The racial-justice protests that shook the Mile High City a year ago have led to at least five lawsuits against the Denver Police Department, including one filed by Michael Acker, who contends that DPD officers shot to maim, and another by Russell Strong, who lost an eye after being struck by a kinetic-impact projectile while holding a sign bearing the peace symbol. And in December, the Office of the Independent Monitor issued a report excoriating a wide range of departmental practices throughout the events.
The Denver Police Department's response? On May 4, DPD officials revealed discipline but no termination for a grand total of two officers, Diego Archuleta and Derek Streeter; Archuleta was suspended for six days, while Streeter will be sitting out for ten. And while the chair of Denver's Citizen Oversight Board has reportedly said more cops could be punished for their protest-related efforts, there's been no hint of anything beyond suspensions.
The Archuleta incident took place just after midnight on June 1, 2020, the fifth day of demonstrations following the murder of George Floyd in Minneapolis. According to his DPD discipline order, "The protests were of an unprecedented scale and each day after sundown, the legitimate protest activity devolved into destructive and violent riots."
In reviewing footage from body-worn cameras that captured interactions between District 4 impact teams and citizens on the 1400 block of Logan Street, a sergeant flagged footage showing a woman in a small sport-utility vehicle who "was expressing contempt for the officers' action." Archuleta is said to have reacted to her asking "What, they gonna kill this guy?" by unleashing a blast from his "OC fogger" — oleoresin capsaicin is the active ingredient in pepper spray — at the woman's windshield before walking away.

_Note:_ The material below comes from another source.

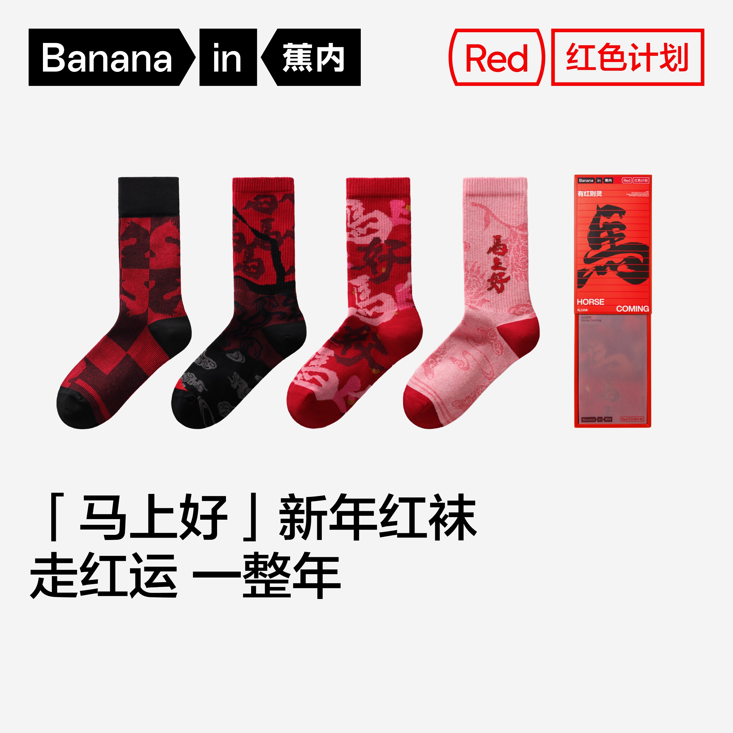 蕉内红色计划520Color长筒袜男女情侣袜子结婚礼物本命年马年棉袜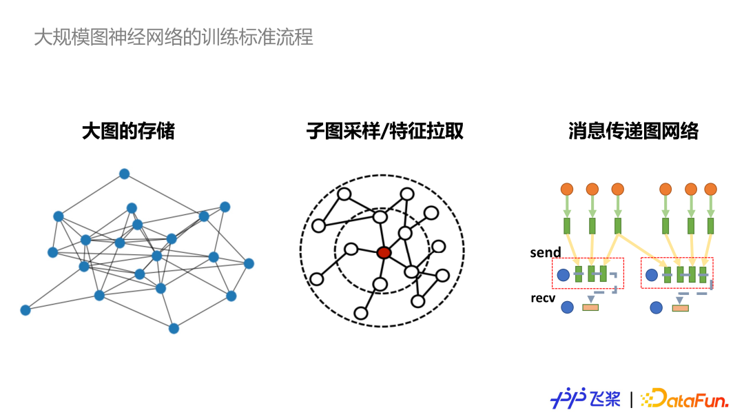图神经网络大规模的训练,目前是有一套比较成熟的标准流程。特别是大图的情况下,我们通常会沿用 2017 年的一篇论文叫做 GraphSAGE,它主要的理念就是训练在大图里面的某些带标签的节点,我们通常会对某个点的邻居进行采样 sample,后面用 aggregation 就是不停地聚合或者通过消息传递的图神经网络去代表我们中心的一个点。对于不同的框架,我们都会主要解决三个问题,第一个是我们的图是怎么存的,第二个是我们的子图是怎么采样,包括一些特征是怎么从图里面拉取出来。最后是高层图网络的一些消息传递算法是怎么定义的。

When questioned about his actions, Archuleta admitted, "I made a mistake. ... As soon as I did that, I, you know, I wanted to remove myself, because I shouldn't have OC-fogged her windshield."
His conclusion: "I'm better than that, and I just apologize."
Like Archuleta, Streeter was dinged for reacting to verbal criticism with violent force. His suspension order cites body-worn camera footage from just after 11 p.m. on May 29, day two of the protests, when he was riding on the running board of a police vehicle as it traveled north on Broadway and stopped just south of the 14th Avenue intersection. At that point, the vehicle stopped, the officers dismounted and Streeter was seen "reloading and recharging his PepperBall launcher."
At that point, a light-colored sedan drove by and one of its occupants yelled, "You can't even spell country [unintelligible]." A second, similarly hued vehicle followed, with a female hollering, "This is what y'all get [uintelligible]' and a man adding, "Fuckwad! You pussies! [unintelligible]."
Streeter's reaction? He fired "three PepperBall rounds in the car's direction."
In a subsequent interview, Streeter claimed that he'd fired at the car because "I believed this male was positioning himself to throw something at us or assault us as he passed, [because of] the fact I could not see both of his hands as he was hanging out of the vehicle."
But "Officer Streeter's explanation for firing the three rounds is not plausible," the investigators concluded. "The passenger was hanging out of the window while screaming obscenities at the officers, likely holding onto the moving car as it proceeded away from the officers. The moving car was a significant distance away from the officers when Officer Streeter first attempted to fire PepperBalls. ... At that initial distance, the passenger did not present a viable threat to the officers. The vehicle was even farther away at the time of the firing."
These actions were clearly problematic — but that it took nearly twelve months to administer what are essentially a pair of wrist slaps is an indictment of the current discipline system that will do little to persuade critics that the Denver Police Department is capable of policing itself.